- Verizon is slated to report Q1 2016 earnings on Apr. 21 2016.
- Verizon is expected to report modest revenue and earnings after the sale of part of its high-margin wireline business.
- Verizon's business, however, has been doing well even as rivals continue cutting prices to compete. This bodes well for the stock.
Giant wireless carrier Verizon (NYSE:VZ) is slated to report Q1 2016 earnings on Apr. 21, 2016 after market close. Wall Street consensus calls for revenue of $32.64B, good for 1% Y/Y growth and EPS of $1.07, up 4.9% Y/Y. Meanwhile Verizon did not give Q1 guidance but rather issued full-year 2016 guidance saying it expects earnings to plateau in 2016 due to several factors including sale of its high-margin wireline business in California, Florida, and Texas to Frontier Communications (NASDAQ:FTR) for $8.6B, and the expected capex increase due to the ramping of IoT and video businesses.
Verizon has managed to beat earnings estimates for the last four consecutive quarters. During the fourth quarter of 2015, Verizon beat consensus revenue estimate by $190M and the earnings consensus by $0.01.
Verizon Quarterly Earnings Surprise History
Huge Wireline Strike Weighing Down on Verizon Stock
Verizon stock has lost about 6% over the past couple of days after nearly 40,000 of its wireline workers, represented by both Communications Workers of America and the International Brotherhood of Electrical Workers, downed their tools on Wednesday. The workers' bone of contention is that Verizon has been pushing for offshoring and outsourcing and that the telecom giant has also failed to meet its network build-out obligations in Philadelphia and New York, as well as upgrading slow-playing FiOS in other cities. These workers have been working without a contract since last August.
Although Verizon's management reiterated its earlier call saying it's well-prepared for the strike, its effect on the company and Verizon stock cannot be underestimated considering that it's the largest work stoppage in the U.S. in many years. Prior to the strike Verizon stock had made strong gains of 11% YTD and the fiasco could easily end up wiping off those gains.
Verizon's Core Business Doing Well
That strike aside, Verizon's core business has been doing well. Verizon net additions (wireless, wireline, and FiOS) have remained positive while churn has been declining which is a very good trend. During the fourth quarter, net additions totaled 1.5M bringing the year's total additions to 4.5M. Verizon finished 2015 with 112.1M retail connections (up 3.6% Y/Y) and 106.5M postpaid connections (up 4.4% Y/Y). Retail postpaid churn fell to 0.96% from 1.04% a year prior.

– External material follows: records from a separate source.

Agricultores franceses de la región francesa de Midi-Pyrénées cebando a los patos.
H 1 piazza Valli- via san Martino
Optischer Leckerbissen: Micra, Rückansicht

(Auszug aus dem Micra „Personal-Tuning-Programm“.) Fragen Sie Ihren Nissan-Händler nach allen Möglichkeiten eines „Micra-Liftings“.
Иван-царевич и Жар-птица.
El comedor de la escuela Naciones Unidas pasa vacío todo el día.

Verizon's FiOS, a service that bundles phone, Internet, and TV, was a mixed bag with increasing Internet penetration (41.8% vs. 41.1% the year before) but declining video penetration (35.3% vs. 35.8% the prior year). FiOS net subscriber additions though remaining positive, fell to their lowest level since the company launched the service. Internet connections were up 99,000 while video connections increased by 20,000. Verizon finished the year with 7M Internet subscribers(up 6.3% Y/Y) and another 5.8M video subscribers( up 3.3% Y/Y).
Verizon has lately been investing heavily in video and bought AOL in 2015 to get a hold of its video assets. Verizon is also looking to acquire Yahoo's (NASDAQ:YHOO) core assets primarily in a bid to acquire the company's video infrastructure and combine it with that of AOL.

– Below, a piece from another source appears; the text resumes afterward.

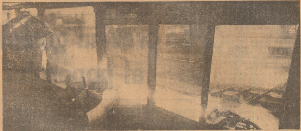
Întreprinderea de țevi „Republica” din Capitală. Secvență de muncă din sectorul laminor

La invitația președintelui Republicii Socialiste România, Nicolae Ceaușescu, și a tovarășei Elena Ceaușescu, șeful statului Cambodgia, președintele Frontului Unit Național al Cambodgiei, prințul Norodom Sianuk, împreună cu prințesa Monique Sianuk, va efectua o vizită oficială de prietenie în țara noastră în a doua decadă a lunii decembrie 1975.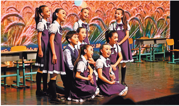
23日至24日,“天津银行·2025天津戏剧节暨第三届天津大学生戏剧节暨首届天津中小校园戏剧节”终评线下展演在光华剧院落幕。

小学组学生以灵动的表演,让《二小放牛郎》《狼牙山五壮士》等经典故事传递红色基因的力量;《哪吒修仙记》的奇幻想象、《非遗剪纸》的匠心传承,展现出传统文化与现代生活的创意融合。中学组的展演更具深度与厚度,《与妻书》《烽火家书》的深情演绎诠释出家国大爱与赤子情怀;《雷雨》的经典再现、《错位时空——走向深蓝》的创

Verizon promised to give investors insights into how its new Go90 video service has been performing in 2016. The company has now set its eyes on the market for data and eyeballs. According to Wall Street analyst Craig Moffett:
"Verizon is turning its attention to its vast trove of information about the comings and goings of its 100M wireless users ... Their goal is to reinvent the advertising business."
The fact that Verizon's subscriber base has kept growing despite the company's refusal to engage in price competition with its rivals speaks well of the brand. Verizon has always insisted that it's not willing to cut prices to the bone but is more interested in delivering high-quality services. In contrast, smaller rival Sprint (NYSE:S) has been engaging in a 50%-off competitive promotion for months.
Prior to the huge strike, Verizon stock had been doing well due to the ongoing market weakness. Verizon is viewed by investors as a good defensive play due to its high dividend yield and relatively stable business. The effects of the strike could keep the stock depressed for months. But over a 6-12 month horizon, Verizon stock is likely to make good gains, especially if the markets continue being choppy.